Funny(?) Strange, Random story (with pics).
In the thread in the Movie House about the next Avengers film, there was a joke about Itzena possibly pretending that the Brits invented cinema. That made me want to throw Muybridge in the mix, as that british scientist is one of the forefather of cinema. To make it short he was interested in animal and human movement, so took pictures using a number of clever mechanisms and then created animations from these pictures using what he called the zoopraxiscope.
When it comes to the origin of cinema, people in the US tend to favor Edison and his kinetoscope. It used an actual perforated film reel, had a stop-and-go mechanism for the filming apparatus, but instead of projecting the result, it was shown in single viewer booths (a reason why the french claim the origin of cinema: the Lumi?re brothers actually did the first paying public projection of a film).
In my little wikipedia escapade (initially to check Muybridge's name spelling and verify he was indeed an englishman), I learned that kinetoscope went tits up and Edison & co moved to projection, because a cheaper alternative entered the market: the mutoscope. Instead of using film, the mutoscope used a stack of cardboard photographs with a mechanism to flip through them, a bit like a rolodex.

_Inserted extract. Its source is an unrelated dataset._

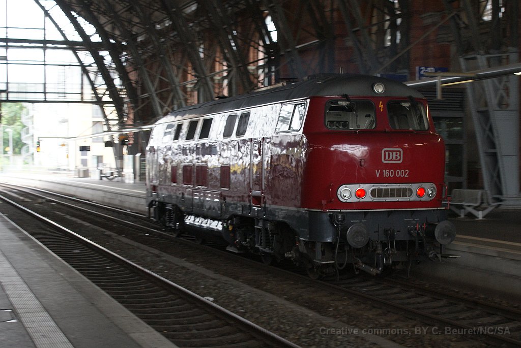 6 V160 002 de passage en gare de Bremen. La locomotive historique en état de marcghe est stationnée à Osnabrücke et maintenue en état par les Osnabrücker Dampflokfreunde

I had never heard about anything like that.
https://youtu.be/Hs3y-lhVWbc
That's pretty random, but now we go into the strange. Later in the day, after that Muybridge comment and that trip on wikipedia, I checked a random movie on Turner Classic Movies: The Net. A 1953 movie about love and spies on a research facility for a futuristic jet (not an especially great movie).
Anyway, at some point a couple goes to an amusement parc... and they check a mutoscope! I could not believe my eyes. We even get to see the clip with the flipping cards. What are the odds of that happening? Unfathomably low. So.... thank you Joss Whedon for a strange moment I guess?